On January 5, 2000, Ahmad Hikmat Shakir — an Iraqi airport greeter reportedly dispatched from Baghdad's embassy in Malaysia — welcomed Khalid al Midhar and Nawaz al Hamzi to Kuala Lampur and escorted them to a local hotel where these September 11 hijackers met with 9/11 conspirators Ramzi bin al Shibh and Tawfiz al Atash. Five days later, according to Stephen Hayes, Shakir disappeared. He was arrested in Qatar on September 17, 2001, six days after al Midhar and al Hamzi had slammed American Airlines Flight 77 into the Pentagon, killing 216 people. On his person and in his apartment, authorities discovered papers tying him to the 1993 World Trade Center plot and to "Operation Bojinka," al Qaeda's 1995 plan to simultaneously blow up 12 jets over the Pacific Ocean.
The Czech Republic stands by its claim, rejected by some opponents of the war in Iraq, that in April 2001, 9/11 leader Mohamed Atta met in Prague with Ahmed Khalil Ibrahim an-Ani, an Iraqi diplomat / intelligence agent. An-Ani was expelled two weeks after the suspected meeting with Atta, for his apparently hostile surveillance of Radio Free Europe's Prague headquarters -- from which American broadcasts to Iraq emanate.
Saddam paid bonuses of up to $25,000 apiece to the families of Palestinian suicide bombers. On March 13, 2002, Reuters reported that Mahmoud Besharat, who was entrusted with dispensing these funds across the West Bank, gratefully said: "You would have to ask President Saddam why he is being so generous. But he is a revolutionary and he wants this distinguished struggle, the intifada, to continue."
According to the State Department's May 21, 2002 "Patterns of Global Terrorism," the Abu Nidal Organization, the Arab Liberation Front, Hamas, the Kurdistan Worker's party, the Mujahedin-e-Khalq Organization, and the Palestinian Liberation Front all operated offices or bases in Saddam's Iraq. The dictator's hospitality toward these mass murderers placed him in violation of United Nations Security Council Resolution 687, which prohibited him from giving safe harbor to or otherwise supporting terrorists.
Coalition forces found, alive and well in Iraq, a number of key terrorists who enjoyed Saddam's hospitality. Among them was Abu Abbas, mastermind of the October 1985 Achille Lauro hijacking and the murder of Leon Klinghoffer, a 69-year-old, wheelchair-bound American Jew whom Abbas's men threw to his death in the Mediterranean Sea. Another terrorist who took refuge in Baathist Iraq was Khala Khadr al-Salahat, accused of designing the bomb that destroyed Pan Am flight 103 over Lockerbie, Scotland in December 1988 (killing 270 people). Yet another was the Palestinian terrorist Abu Nidal, who resided in Iraq from 1999 to 2002. According to the Beirut office of the Abu Nidal Organization, Nidal had entered Iraq with the full knowledge and assent of the Iraqi authorities.

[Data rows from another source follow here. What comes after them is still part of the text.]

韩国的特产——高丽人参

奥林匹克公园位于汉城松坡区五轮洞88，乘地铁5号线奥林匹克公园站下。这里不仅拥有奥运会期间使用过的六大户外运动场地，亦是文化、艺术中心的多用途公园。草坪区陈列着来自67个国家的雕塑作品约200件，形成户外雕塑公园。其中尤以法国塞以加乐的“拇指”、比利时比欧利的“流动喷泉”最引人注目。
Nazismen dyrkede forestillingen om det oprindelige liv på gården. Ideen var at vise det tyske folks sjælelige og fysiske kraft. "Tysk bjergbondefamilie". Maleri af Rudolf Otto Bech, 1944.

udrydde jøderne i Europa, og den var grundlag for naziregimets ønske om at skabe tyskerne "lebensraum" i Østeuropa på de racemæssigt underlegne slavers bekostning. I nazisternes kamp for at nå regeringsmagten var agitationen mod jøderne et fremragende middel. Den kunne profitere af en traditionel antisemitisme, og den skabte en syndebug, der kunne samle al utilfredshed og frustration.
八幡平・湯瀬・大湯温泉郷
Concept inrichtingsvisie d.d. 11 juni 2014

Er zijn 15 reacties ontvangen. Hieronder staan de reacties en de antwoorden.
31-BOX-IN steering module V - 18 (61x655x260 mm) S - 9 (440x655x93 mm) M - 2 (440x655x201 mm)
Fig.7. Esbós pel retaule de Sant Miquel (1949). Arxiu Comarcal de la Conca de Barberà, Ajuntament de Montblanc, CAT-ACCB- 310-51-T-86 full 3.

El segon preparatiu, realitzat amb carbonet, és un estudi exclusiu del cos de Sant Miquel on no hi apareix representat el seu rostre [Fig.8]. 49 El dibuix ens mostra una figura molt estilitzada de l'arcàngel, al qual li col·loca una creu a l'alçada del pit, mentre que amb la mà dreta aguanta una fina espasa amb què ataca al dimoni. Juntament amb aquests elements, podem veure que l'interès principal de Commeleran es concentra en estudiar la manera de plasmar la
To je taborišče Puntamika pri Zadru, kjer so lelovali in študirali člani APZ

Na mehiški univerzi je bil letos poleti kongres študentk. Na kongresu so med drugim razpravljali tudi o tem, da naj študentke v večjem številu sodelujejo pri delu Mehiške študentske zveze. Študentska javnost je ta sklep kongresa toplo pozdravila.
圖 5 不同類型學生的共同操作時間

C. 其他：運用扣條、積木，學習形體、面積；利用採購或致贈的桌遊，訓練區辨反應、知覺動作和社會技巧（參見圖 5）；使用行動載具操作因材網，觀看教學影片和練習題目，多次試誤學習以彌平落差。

Coalition troops destroyed at least three terrorist training camps in Iraq, including a base near Baghdad called Salman Pak. This camp featured a passenger-jet fuselage where, according to numerous Iraqi defectors, foreign terrorists were taught how to hijack airliners with utensils.

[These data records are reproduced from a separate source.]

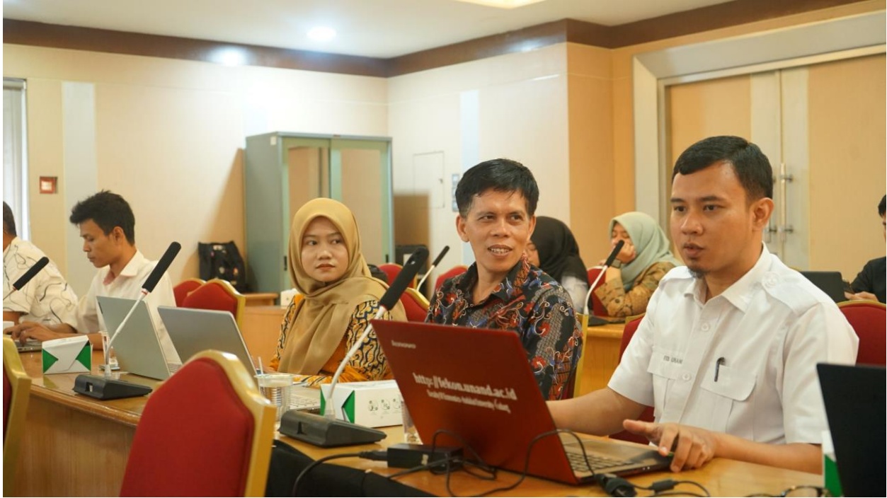
Gambar 3 dan 4 : Antusias pengelola website fakultas mengikuti bimbingan teknis dalam mengikuti acara Pengintegrasian Data Informasi Publik pada Website PPID Pelaksana di Lingkungan Universitas Andalas
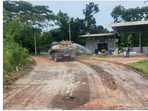
โครงการก่อสร้างถนนคสล.สายกอบอ – ท่าฉ้อ หมู่ที่ ๕ หมู่ที่ ๑๑
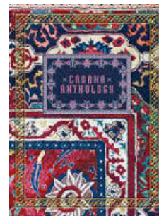
Cabana anthology. Portada de Cabana Anthology (Vendome Press), una recopilación de imágenes y entrevistas representativas del universo Cabana .

Está siendo un año muy difícil para todos, pero en cambio el e-commerce ha ido muy bien. La tienda online es una combinación entre objetos producidos por nosotros, piezas vintage que encontramos y vendemos y nuestras colaboraciones con creadores. Lo más apasionante es descubrir artesanos en cualquier lugar del mundo y proponerles crear algo para nosotros. Ahora acabamos de lanzar una colección de tejidos junto a Peter d'Ascoli, y estamos ultimando otras colecciones con Schumacher y con Rianna + Nina, que saldrán al mercado muy pronto. T
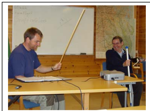
Flyging med kosteskraft på i-kurs. En populær og lærerik aktivitet i regnværet.
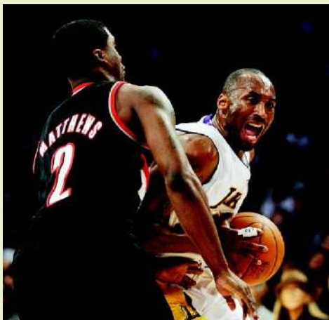
Kobe Bryant (kanan)

Tapi, kami punya rencana pertarungan dan dengan rencana itu kami akan mengalahkan Manny. Saya akan melontarkan pukulan secara konstan dan tidak pernah berhenti memberi tekanan," ujar Margarito beberapa waktu lalu. ■ NOV

The Philippine government expelled Hisham al Hussein, the second secretary at Iraq's Manila embassy, on February 13, 2003. Cell-phone records indicate that the diplomat had spoken with Abu Madja and Hamsiraji Sali, leaders of Abu Sayyaf, just before and just after this al Qaeda-allied Islamic militant group had conducted an attack in Zamboanga City. Those phone records bolster Sali's claim that the Iraqi diplomat had offered these Muslim extremists Baghdad's help with joint missions.